Study material:
-----

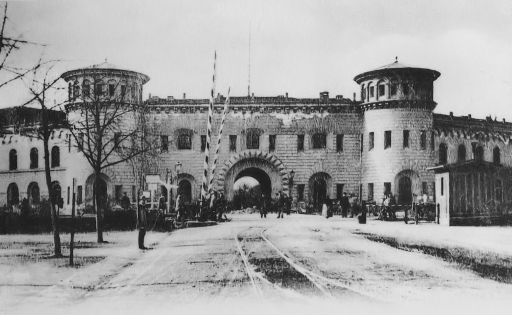 Mainzer Tor of Koblenz
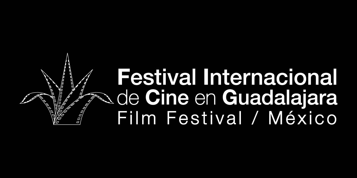 Official Logo for the Guadalajara International Film Festival
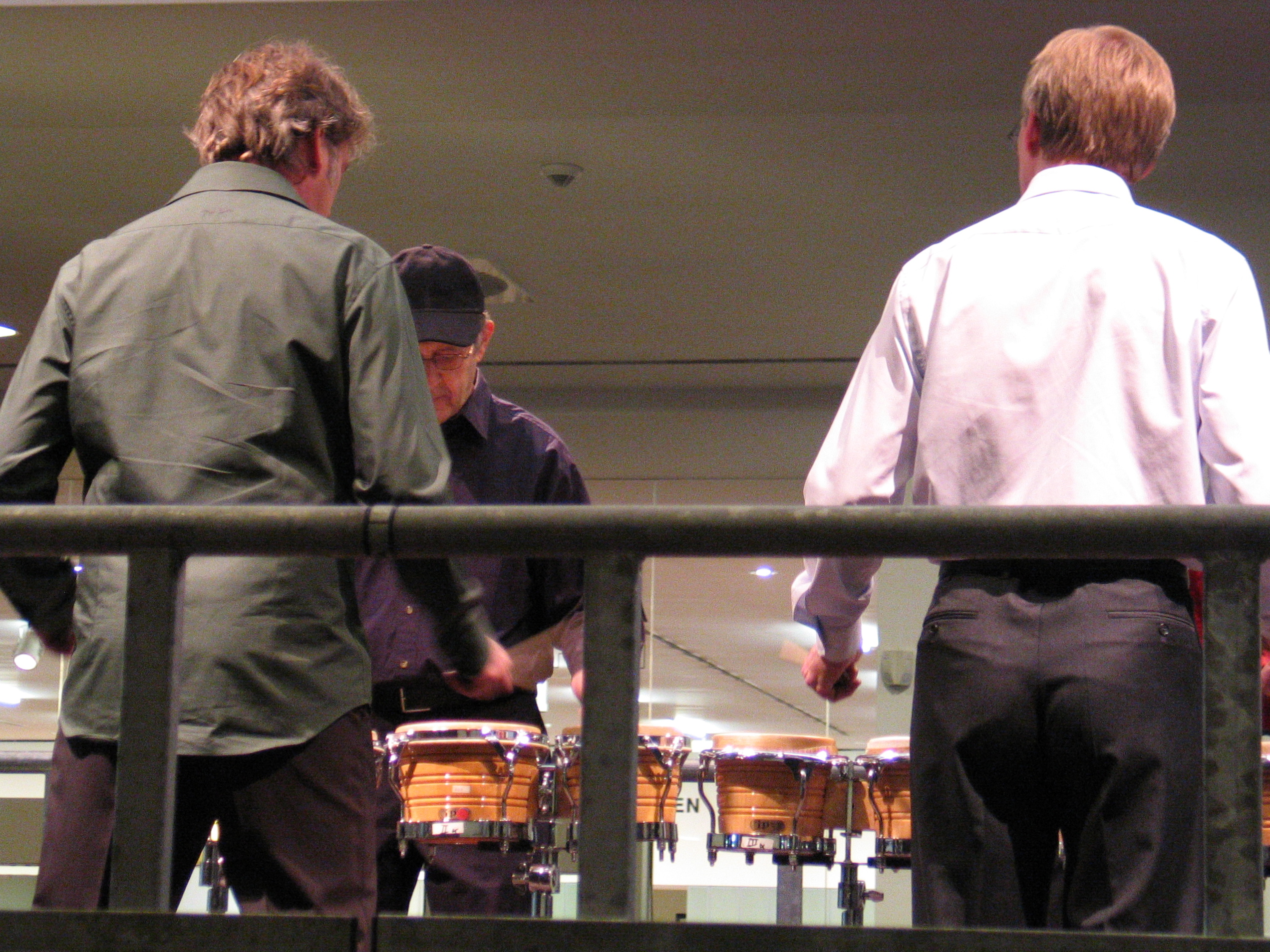 Steve Reich (background with the hat) rehearsing Drumming on Jan 27th 2009 in Koln
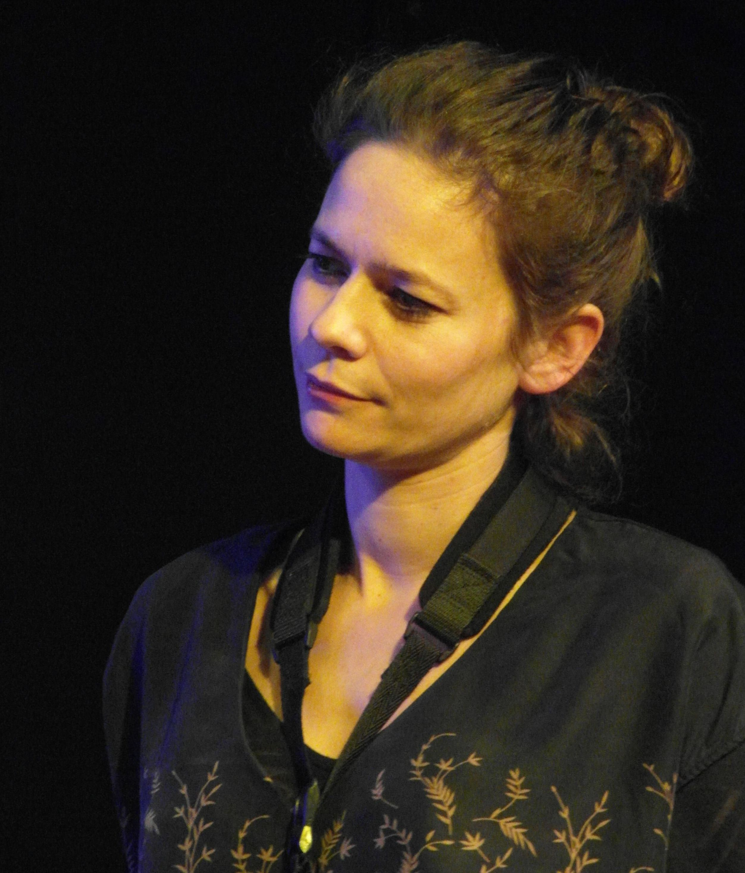 Sophie Alour during the concert at the 1988 jazz club in Rennes (France)
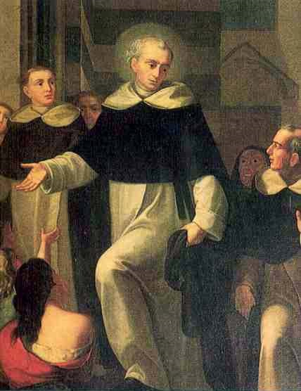 Depiction of Sebastian Maggi, cropped from Francesco Zignago, Il Beato Sebastiano Maggi, Santa Maria di Castello (Genoa)
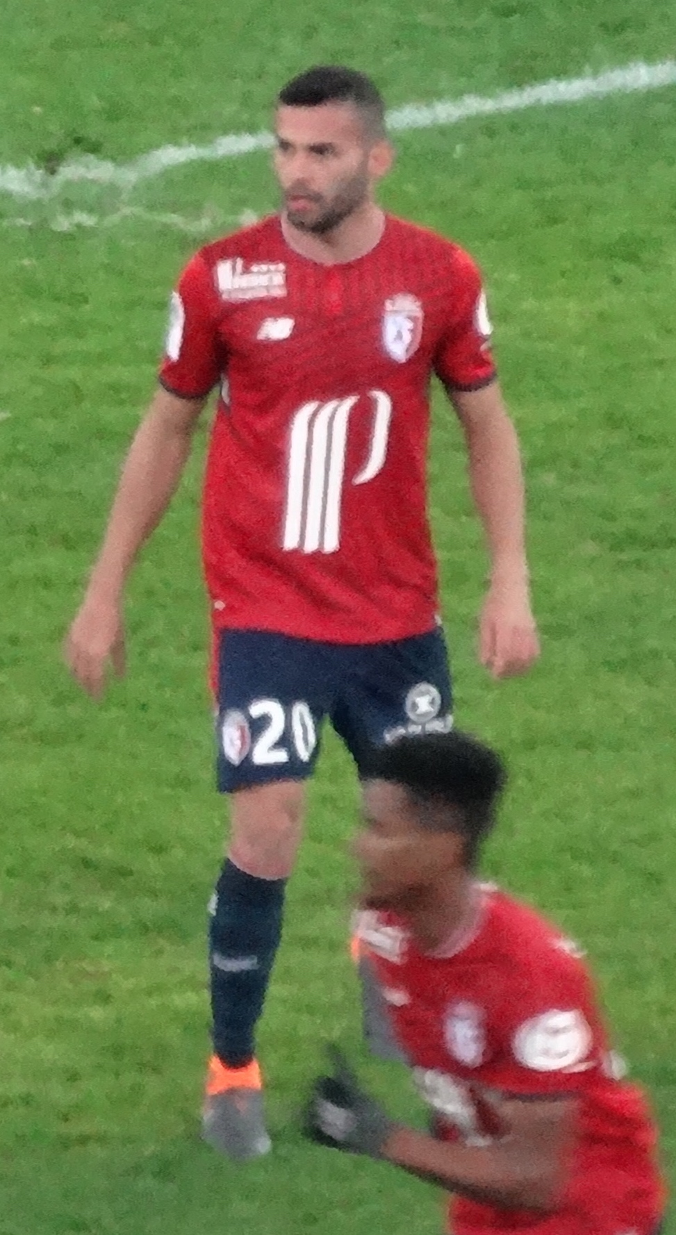 Thiago Maia (LOSC)
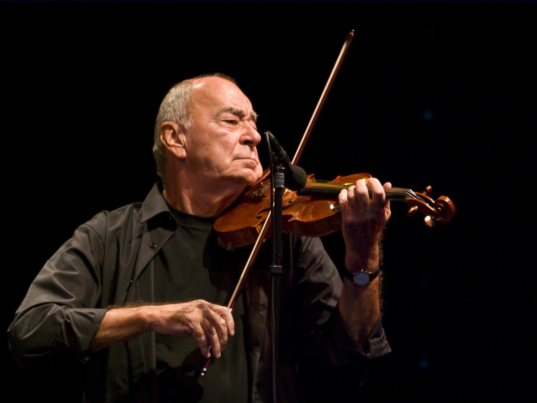 Austrian violinist Toni Stricker performs in Tulln on 2. August 2008.
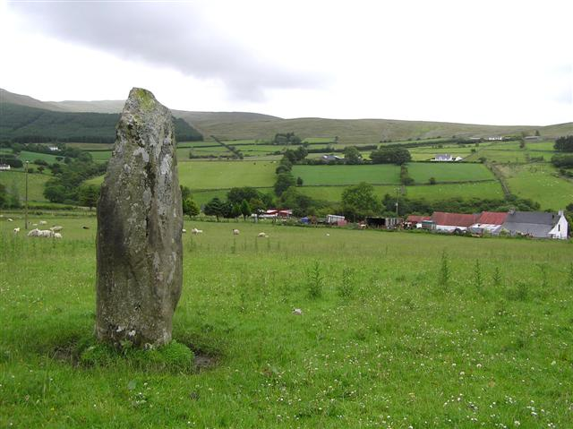 Standing stone at Aghalane. Looking east.
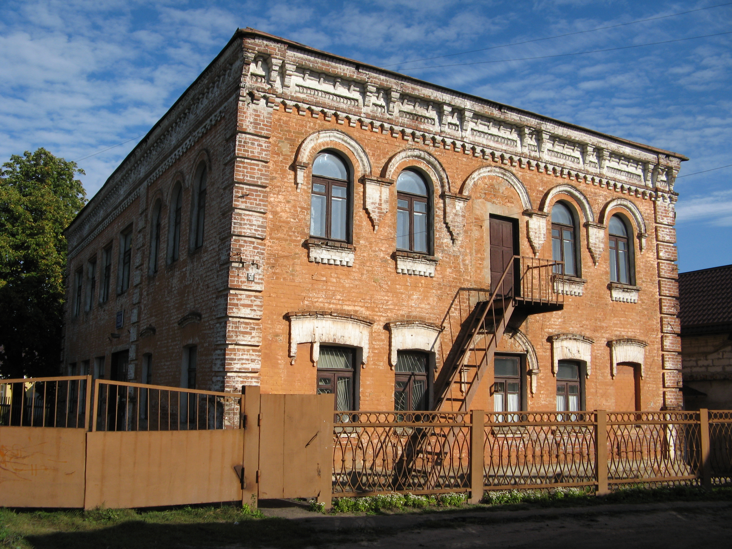 Synagogue on Dzierzynski str
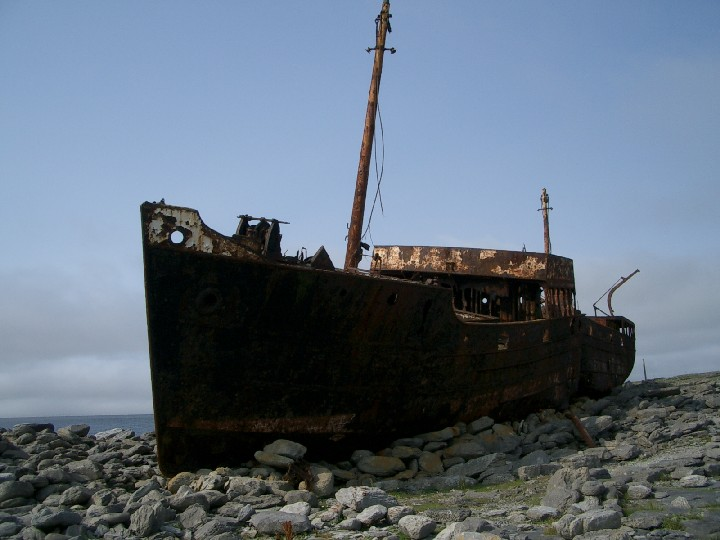 Aran Islands, a picture of a ship wreck on the coast Inisheer
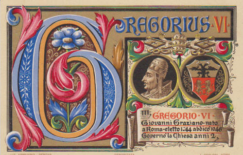 Pope Gregory VI (1045-46) - his face and coats of arms on card
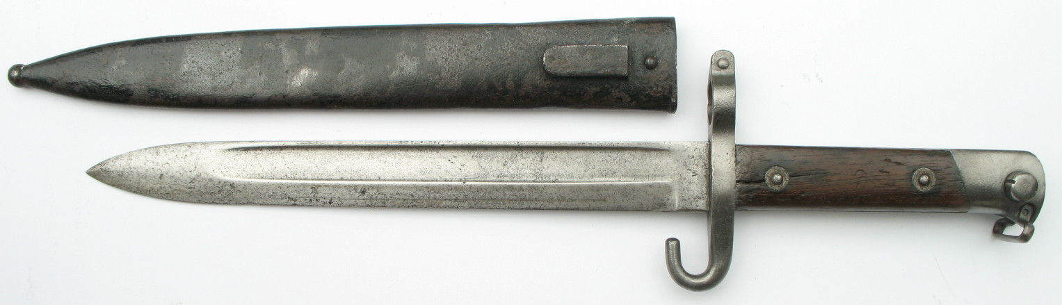 Mannlicher M1888 Bayonet NCO (for non-commissioned officer) for M1888 and M1890 Mannlicher rifles
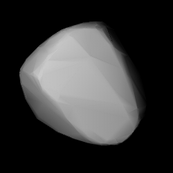 3D convex shape model of 1189 Terentia, computed using light curve inversion techniques. J. Hanuš, J. Ďurech, M. Brož, B. D. Warner (June 2011). "A study of asteroid pole-latitude distribution based on an extended set of shape models derived by the lightcurve inversion method". Astronomy and Astrophysics 530: A134. ISSN 0004-6361. arXiv
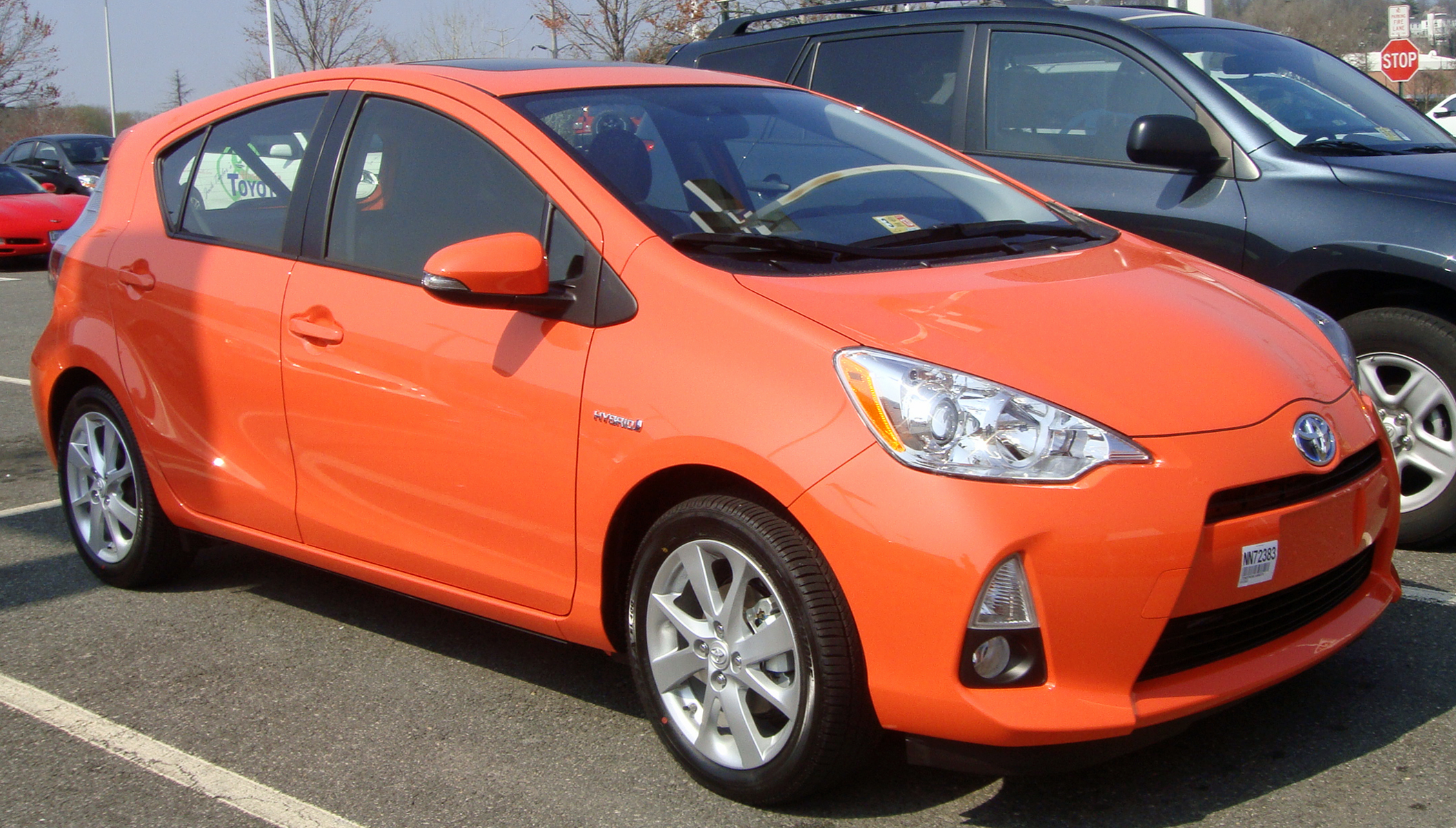 2012 Toyota Prius c, Alexandria, Virginia, US
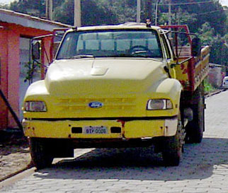 A Ford F12000/14000 in the Rua Pe Ditino Della Parte, Itanhaém, Brazil
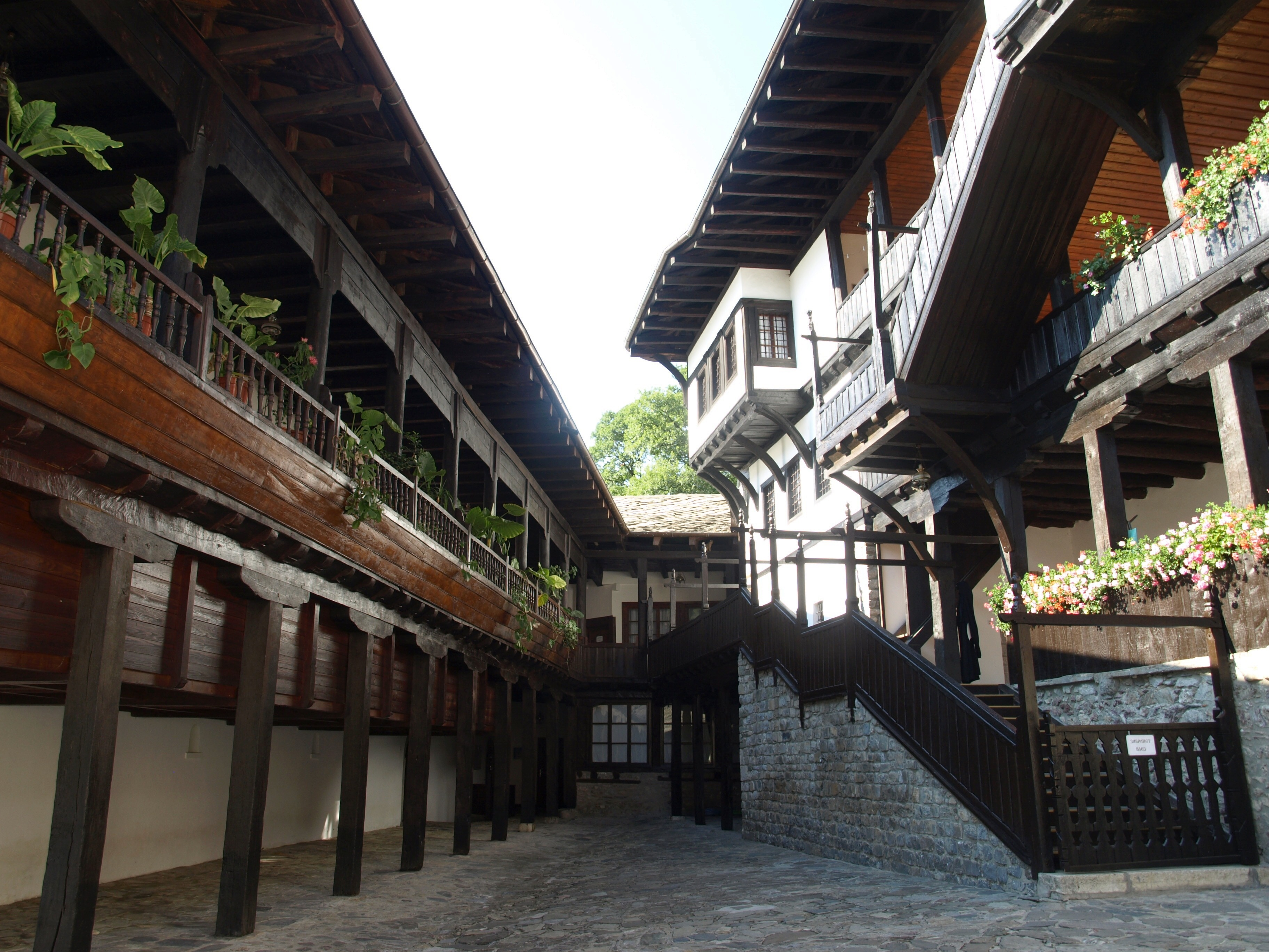 Monastery Sveti Jovan Bigorski in Macedonia, mansions

-----

Activity: Leave every picture out and write out, word for word, the lines from the one that contains "A Ford F12000/14000" through the last line of the records.

Answer section:
 A Ford F12000/14000 in the Rua Pe Ditino Della Parte, Itanhaém, Brazil
 Monastery Sveti Jovan Bigorski in Macedonia, mansions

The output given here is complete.